··· DATA RECORDS

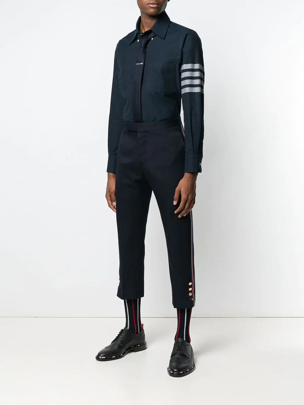 Thom Browne infuses its signature style into this navy long-sleeve shirt. The classic shirt takes on a new dimension with the addition of the signature 4-Bar stripe on the sleeve, complemented by the recognizable logo patch on the front. The signature grosgrain loop tab graces the rear of the design, providing a branded finish to this shirt.
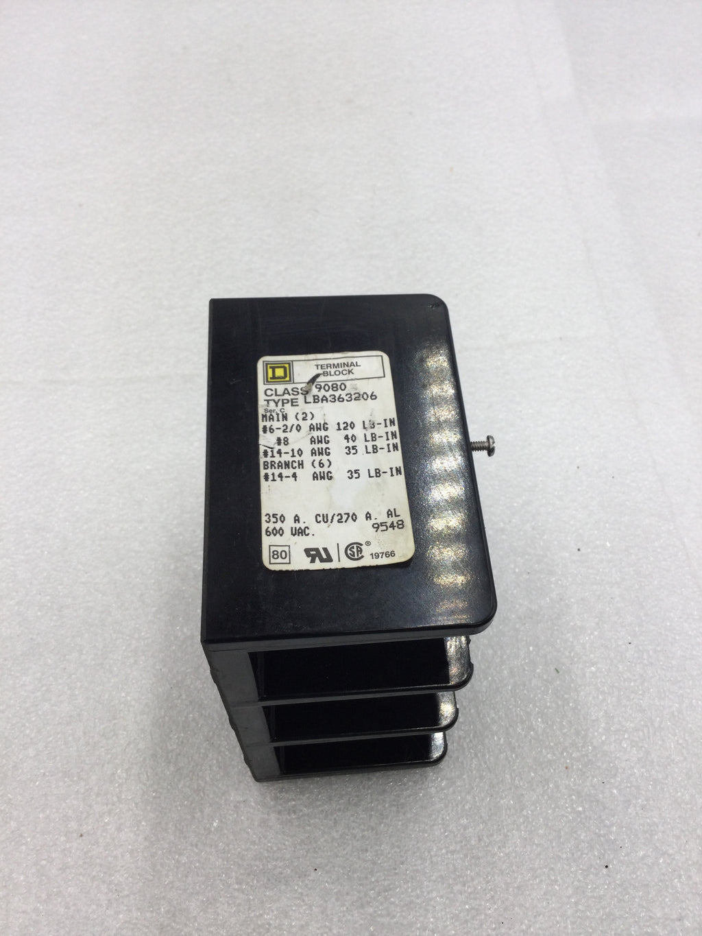 Square D 9080 LBA363206 350 Amp CU/270A AL 600 VAC 3 Pole 2 Main 6 Branch Terminals per Pole
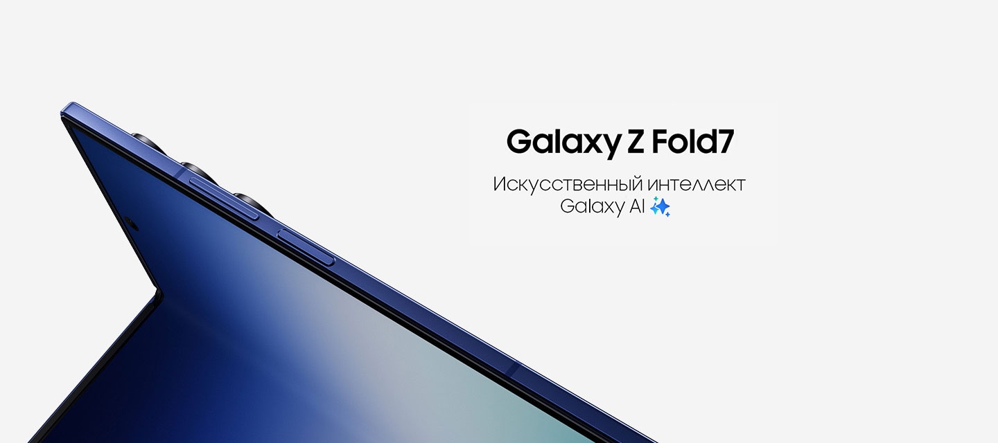 Новый самый тонкий складной смартфон Samsung Galaxy Z Fold7. Сбоку подсвечиваются тонкие грани, а затем телефон поворачивается под углом и раскладывается, чтобы показать большой основной экран. Galaxy AI Новый самый тонкий складной смартфон Samsung Galaxy Z Fold7. Сбоку подсвечиваются тонкие грани, а затем телефон поворачивается под углом и раскладывается, чтобы показать большой основной экран. Galaxy AI
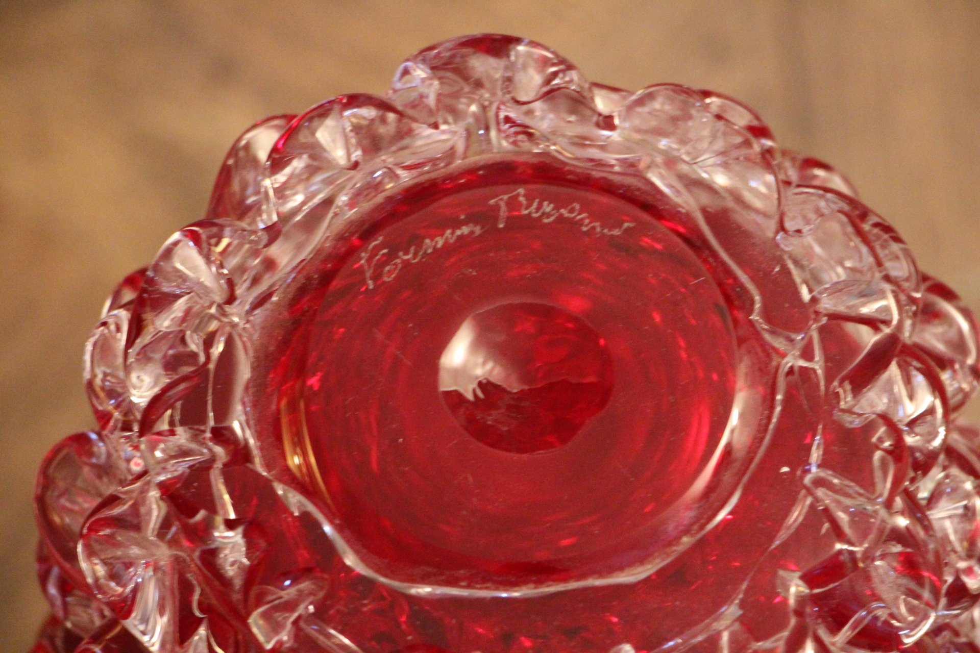 Gracieusement signé par l’artiste verrier, sa signature est un témoignage de son artisanat exceptionnel, bien que sa déchiffrabilité puisse parfois défier même les connaisseurs les plus avertis.
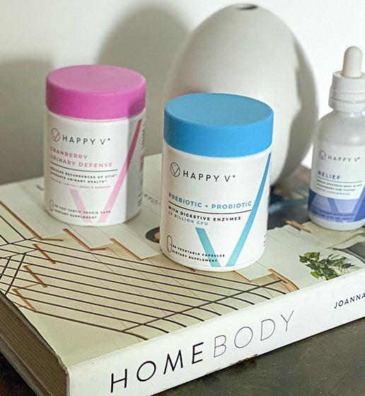 Our Happy V® Prebiotic + Probiotic designed to support vaginal health and balance. Eliminate the odor, itch, gut bloating, and other symptoms.
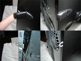 Крепление боковых стенок осуществляется с помощью фирменных защелок. Надо сказать, что это крепление весьма удобно и существенно ускоряет процесс открытия/закрытия боковой стенки. Так же возможно крепление при помощи обычных винтов. Для защиты от нежелательного вскрытия системного блока предусмотрена петля для навесного замка.
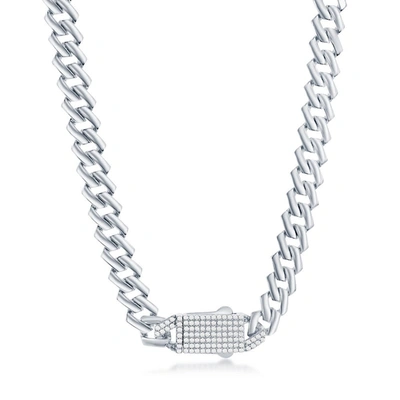 Sterling Silver 9mm Monaco Chain W/micro Pave Cz Lock In White

······

### [DESCRIPTION OF THE TASK]
Give again, word for word, each line from the one holding "Our Happy V®" through the end of the entries, and leave out any picture.

### [RESULT]
 Our Happy V® Prebiotic + Probiotic designed to support vaginal health and balance. Eliminate the odor, itch, gut bloating, and other symptoms.
 Крепление боковых стенок осуществляется с помощью фирменных защелок. Надо сказать, что это крепление весьма удобно и существенно ускоряет процесс открытия/закрытия боковой стенки. Так же возможно крепление при помощи обычных винтов. Для защиты от нежелательного вскрытия системного блока предусмотрена петля для навесного замка.
 Sterling Silver 9mm Monaco Chain W/micro Pave Cz Lock In White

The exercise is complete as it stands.